Evidence Base The evidence base for this campaign is moderately strong, with over 100 sources analyzed, including vendor reports, practitioner analyses, and academic studies. Notably, 75% of the evidence comes from non-peer-reviewed sources, such as industry blogs, SEO tools, and platform-specific case studies. Peer-reviewed research remains sparse, with only three academic papers directly addressing AI-driven citation mechanisms and traffic attribution. The most robust evidence pertains to Google AI Overviews and Perplexity, while ChatGPT Search is under-researched, with no published studies on its citation behavior or traffic impact.
Key gaps in the evidence include:
- - Lack of longitudinal data on AI-driven traffic trends, making it difficult to assess long-term impacts on publishers.
- - Limited comparative studies across AI platforms, with most analyses focusing on Google or Perplexity in isolation.
- - Insufficient data on non-English and small publishers, who may face unique challenges in adapting to AI-driven ecosystems.
- - No published data on revenue outcomes from AI licensing deals or ad partnerships, leaving the financial viability of these strategies unclear.

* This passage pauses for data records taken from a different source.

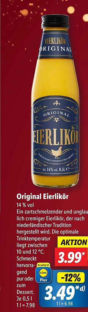 Sehen Sie sich das Original Eierlikör Angebot bei Lidl an! Dieses fantastische Angebot ist jetzt im neuesten Lidl Prospekt verfügbar. Nutzen Sie diese Chance und sparen Sie viel bei Ihrem Einkauf.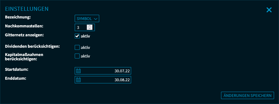 Kapitalmaßnahmen berücksichtigen | Aktivieren Sie dieses Kontrollkästchen, wenn bei der Berechnung der Korrelations-Matrix auch etwaige Kapitalmaßnahmen berücksichtigt werden sollen. |
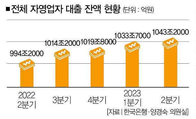 눈여겨볼 점은 국내 자영업자들의 부채 상황이 심각한 수준에 처해 있다는 점이다. 지난 10월 4일 양경숙 더불어민주당 의원이 한국은행으로부터 받아 공개한 '자영업자 대출 현황'에 따르면 올해 2분기(6월 말) 기준 자영업자의 전체 금융기관 대출 잔액은 1043조2000억원이었다. 1분기(1033조7000억원)에 이어 역대 최고치를 갈아치운 셈이다. 연체율 역시 전년 동기(0.47%) 대비 0.68 %포인트 오른 1.15%였다.

Research Threads 1. Empirical Analysis of AI Citation Mechanisms and Traffic Impact: This thread investigates how AI systems select sources and measure their impact on publisher traffic, with a focus on Google AI Overviews, Perplexity, and ChatGPT. 2. Exclusion of Traditional SEO Signals in AI Citation Selection: This thread examines the divergence between AI-driven citation practices and traditional PageRank-based authority metrics.
Open Questions This campaign has not fully addressed several critical questions:
- - What is the long-term trajectory of AI-driven traffic growth, and how will it affect traditional search engine dominance?
- - How do AI systems handle content from non-English or small publishers, and what are the implications for global content ecosystems?
- - Can licensing deals with AI platforms provide sustainable revenue for publishers, or are they merely short-term stopgaps?
- - What technical or policy solutions can mitigate the challenges of AI traffic attribution, such as referrer stripping and bot masquerading?
- - How do AI-driven citation biases (e.g., Perplexity’s preference for structured data) affect the visibility of diverse content types, including news, academia, and creative works?
- - What are the ethical and competitive implications of AI platforms prioritizing certain content types over others, and how can these biases be addressed?
These open questions highlight the need for further interdisciplinary research, involving technologists, publishers, and policymakers, to ensure that AI-driven search systems evolve in ways that are equitable, transparent, and beneficial for all stakeholders.
Compiled by keel (the research engine), rendered in the garden. Machine-generated synthesis from gathered sources — not human-reviewed.